*** Dataset entries Section Begins ***

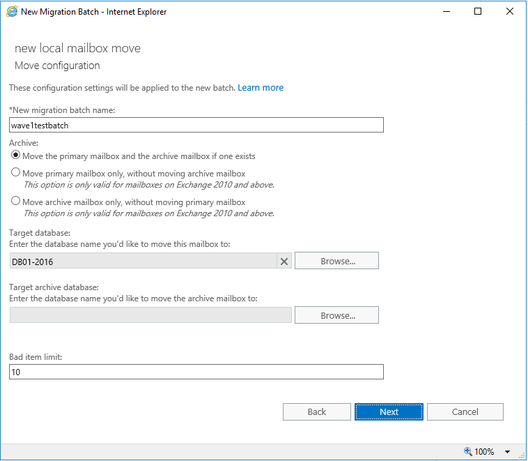 13.On the Move configuration page, type the batch name in the New migration batch name, select Move the primary and archive mailbox if one exists, click Browse at Target database.
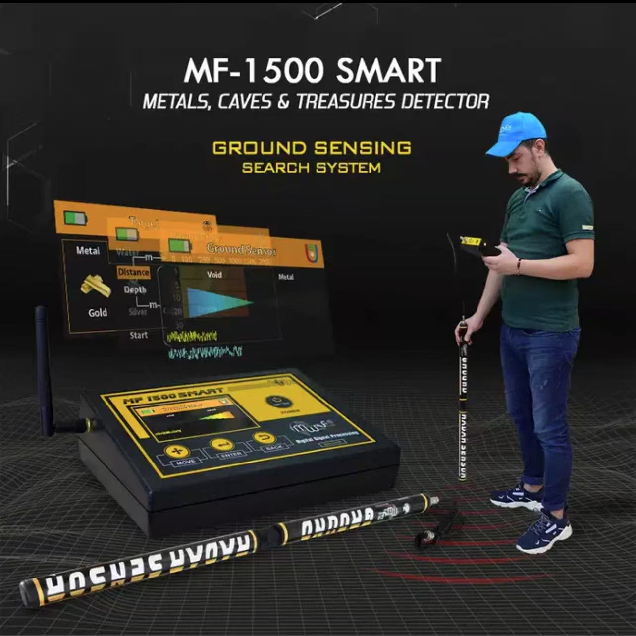 MF 1500 SMART,专门探测和勘探地下资源和矿物、黄金、矿物、水、宝石、钻石、空洞和洞穴,并提供可选清单。
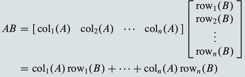 * 위 $col_1(A), col_2(A), ... , col_n(A)$과 $row_1(B), row_2(B), ... , row_n(B)$는 각각 1개 단위로 column을 나눈 partition들, 1개 단위로 row를 나눈 partition들을 의미한다. A, B matrix를 이와 같이 partition된 matrix라고 본다면 두 matrix간의 곱은 위 결과와 같이 계산할 수 있게 된다.
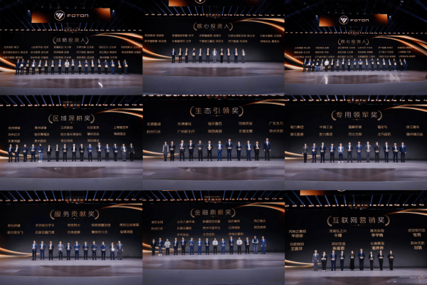 此次商務年會上,為凝聚合作伙伴共創未來的信心與決心,福田汽車常務副總經理鹿政華主持了核心投資人和戰略投資人授牌儀式,現場為45位長期與公司同頻共振的戰略及核心投資人授牌,他們將獲得"專屬政策支持、專業人才培養、戰略協同共創"等全方位賦能。同時,大會還對全年表現優異的經銷商分別授予"區域深耕獎"、"生態引領獎"、“專用領軍獎”、"服務貢獻獎"、“金融領航獎”、“互聯網營銷獎”榮譽。
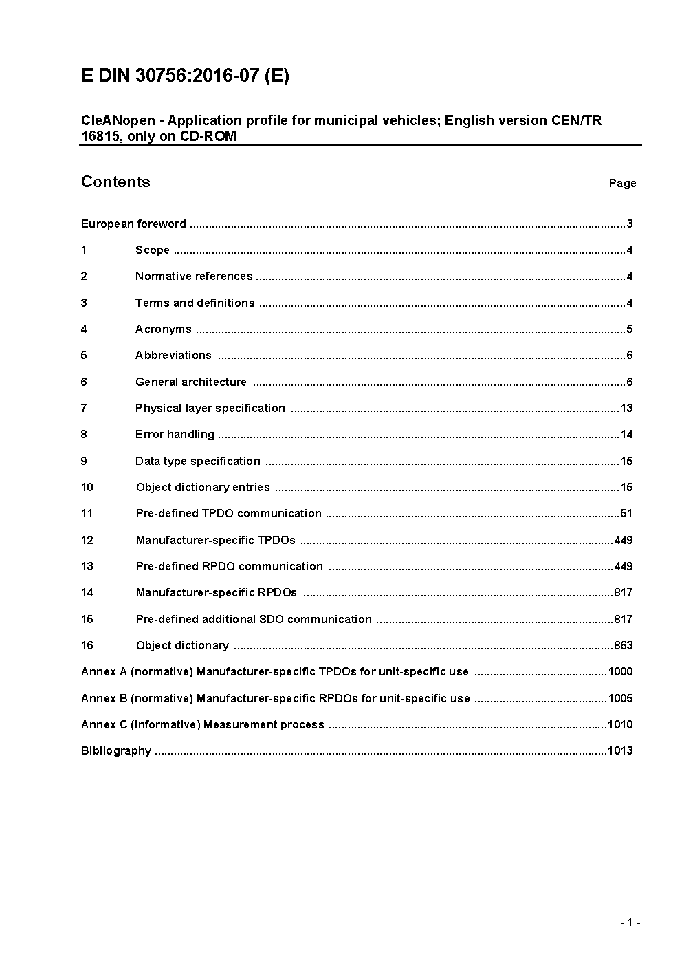 CleANopen - Application profile for municipal vehicles; English version CEN/TR 16815, only on CD-ROM.
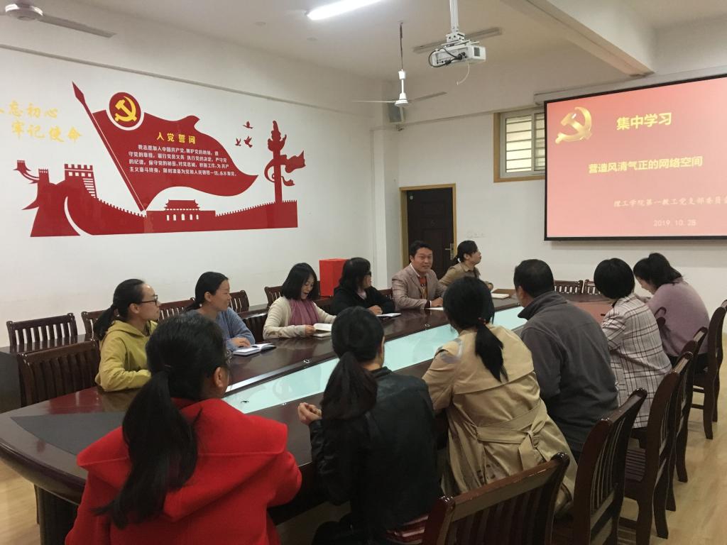 10月28日,理工学院第一教工党支部全体党员集中学习了《习近平新时代中国特色社会主义思想学习纲要》。围绕“营造风清气正的网络空间”进行学习研讨。

*** Dataset entries Section Ends ***

● **Work order**:
Your answer must be the lines from the one holding "CleANopen - Application" through the final line of the records above, exactly as written and without any pictures.

● **Result of this task**:
 CleANopen - Application profile for municipal vehicles; English version CEN/TR 16815, only on CD-ROM.
 10月28日,理工学院第一教工党支部全体党员集中学习了《习近平新时代中国特色社会主义思想学习纲要》。围绕“营造风清气正的网络空间”进行学习研讨。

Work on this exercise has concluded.